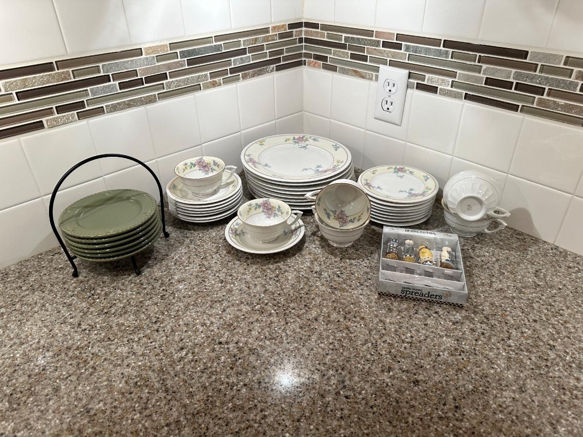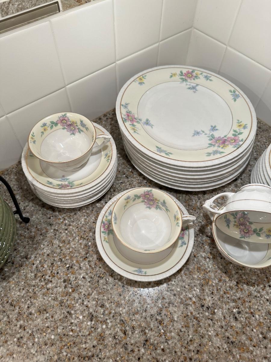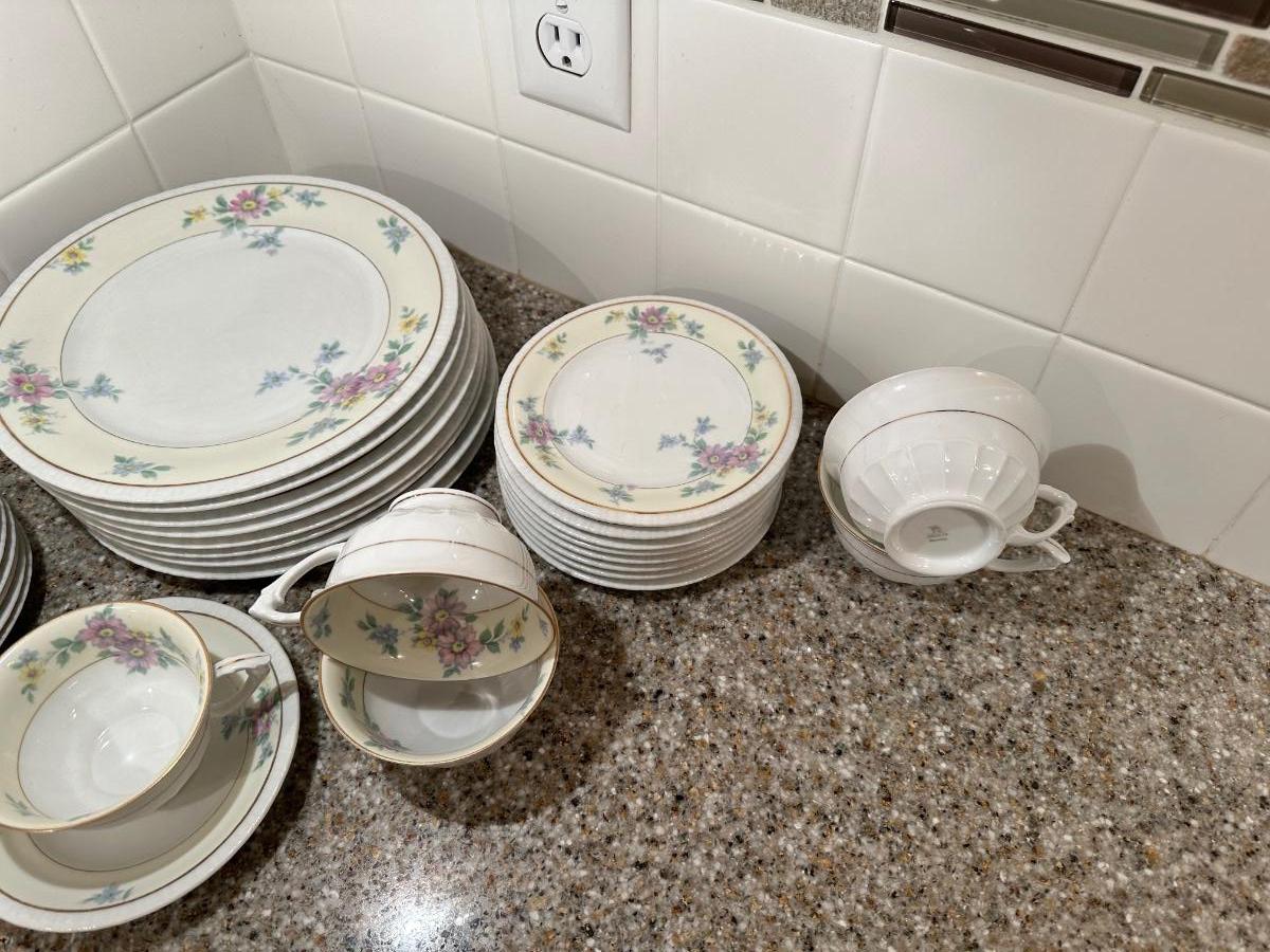 8 DINNER PLATES, 8 SAUCERS, 6 TEACUPS, 8 BREAD PLATES
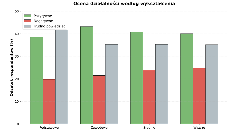- Osoby z wykształceniem zawodowym najczęściej oceniają pozytywnie (43,2%)
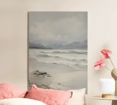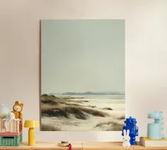 Un momento di tranquillità su un'ampia spiaggia irlandese - la luce è morbida, i colori sobri ma tangibili: il beige pallido della sabbia bagnata, il verde tenue delle dune, il cielo grigio-azzurro in alto. Un pezzo di legno alla deriva riposa in primo piano, apparentemente perso, ma completamente in armonia con la scena. Questo quadro vive grazie ai suoi colori tenui e alla sua profondità atmosferica: un omaggio ai toni pacati della natura.
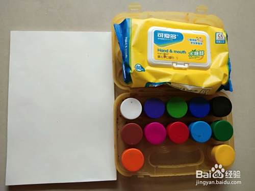第一步,准备好要用到的工具,颜料,湿巾,白纸,然后将手洗干净,准备开始喽
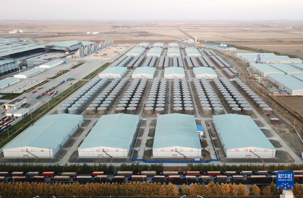 10月11日,送糧車在黑龍江省富錦市一大型糧食倉儲加工企業外排起長隊(無人機照片)。

**PROBLEM**
With the pictures excluded, retype the records above verbatim.

**ANSWER BELOW**
 8 DINNER PLATES, 8 SAUCERS, 6 TEACUPS, 8 BREAD PLATES
- Osoby z wykształceniem zawodowym najczęściej oceniają pozytywnie (43,2%)
 Un momento di tranquillità su un'ampia spiaggia irlandese - la luce è morbida, i colori sobri ma tangibili: il beige pallido della sabbia bagnata, il verde tenue delle dune, il cielo grigio-azzurro in alto. Un pezzo di legno alla deriva riposa in primo piano, apparentemente perso, ma completamente in armonia con la scena. Questo quadro vive grazie ai suoi colori tenui e alla sua profondità atmosferica: un omaggio ai toni pacati della natura.
第一步,准备好要用到的工具,颜料,湿巾,白纸,然后将手洗干净,准备开始喽
 10月11日,送糧車在黑龍江省富錦市一大型糧食倉儲加工企業外排起長隊(無人機照片)。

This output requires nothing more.